# What type of call do you use?



## Grey Dog (Jan 31, 2010)

<OI was just wondering what type of call most of the predator hunters here used.

Electronic?

Mouth Calls?

Combination of both?
<O​


----------



## FoxSniper (Feb 1, 2010)

I have mouth calls, but i am doing alot of research to get a electronic, I like the mouth call because I can get variation in the call, but that is just my option.


----------



## chuck richards (Feb 1, 2010)

I have both. I am seriously looking into getting a Foxpro. I just need to find a place to hunt. All the area around here the cover is way too thick. Went out last week and could only get a narrow window out to 50 yds. No luck but then I did not really expect to see anything.


----------



## Tommy (Jan 21, 2010)

Mouth calls, and mouth calls only. Not a super big fan of the electronic stuff. I don't have anything against them or anyone that uses them...they are a great hunting tool.


----------



## GritGuy (Jan 31, 2010)

I use both, however I started out with mouth calls and then found an Old Johnny Stewart Casstte player at a gun show I bought and wore it out twice LOL

Finally broke down and bought a digital call from a new maker with a remote and the remote went junk a year later then when I went to get it fixed the maker was out of operation, Now I got a digital with no remote which to me is useless, as I bought it for the remote setting feature to take the eyes off of the caller.

So I guess I'll be getting a new digital from a maker who's been in the business a long time and forget about trying to help a new maker any more!!

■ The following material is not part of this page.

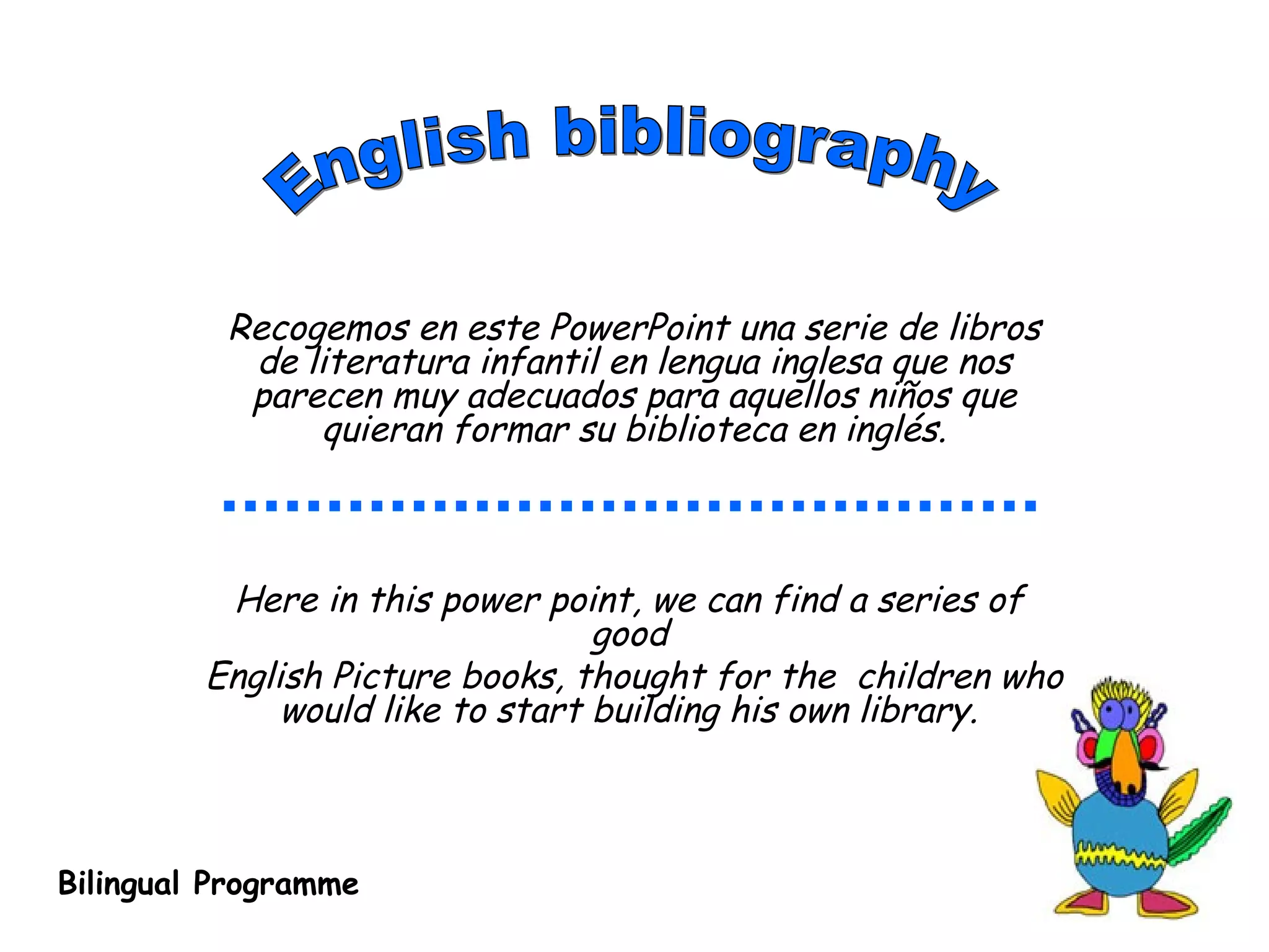 This document provides a summary of English language children's books that would be suitable for building a young child's home library to learn English. It lists over 15 popular picture books written in English, including titles like "Bear About Town", "What shall we do with the Boo Hoo Baby?", "There was an old lady who swallowed a fly", "Not Now, Bernard", and classics like "Brown Bear, Brown Bear, What Do You See?" and "From Head to Toe". The books cover a variety of topics and themes to engage and entertain young readers learning English.

I use an open reed call called the Crit-R-Call works for me very well and once you elarn how to use it can make all kinds of different sounds with it, I carry it even when using the digitals.


----------



## cmiddleton (Jan 29, 2010)

i have many many mouth calls (over 100) a home made e caller a old js cassette caller and a js that you hook a walkman to and a cheaper foxpro then i have 52 custom calls then of course there are the 75 deer elk and antelope calls. and then the decoys i have the rizzo's, a jib, 3 weasel balls, turkey decoy, feather flex rabbit, stuffed animals- rabbit, a chow that i marked up with a sharpie to color it like a fox pup. and turkey feathers on a string. montana elk decoy.
yep i gotta a problem
hello I'm Casey and I'm a coyote calling junkie
both are necessary tools of the trade, i use the mouth calls the most about 85% of the time.
regardless of what I'm using i carry three back up calls they are 1-tally hoe 1- hydel government hunter cotton tail, and a Circe MVP-4
i have killed more coyotes with those three then any other call on the market. more bobcat with the hydel then any other making a bird in distress on it.
i do a cotton tail on it (30 min.) then switch and make a bird the cats expose themselves when i change.
best cassette for cats was game chicken in distress.(tape deck ate it)
turkey in distress with a turkey decoy has done well too.


----------



## gonefishn (Jan 28, 2010)

Both hand calls and a Fox Pro Electronic.


----------



## Girdham (Jan 29, 2010)

I have hand calls: Primos hotdog, Ki-Yi, and Double Whammy. I aso have a Sceery howler. I am looking to get either a foxpro or power dog not only to hunt with but for instructional use (show me how I'm supposed to sound when calling.)


----------



## BarryMac67 (Jan 31, 2010)

Many hand calls and a *Fox Pro FX3* with remote. Not much success with the e-caller yet but not giving up. Plenty of coyotes with hand calls, I feel like the Fox Pro could increase more 
sightings with the lack of hunter movement. Also with a decoy as a distraction.


----------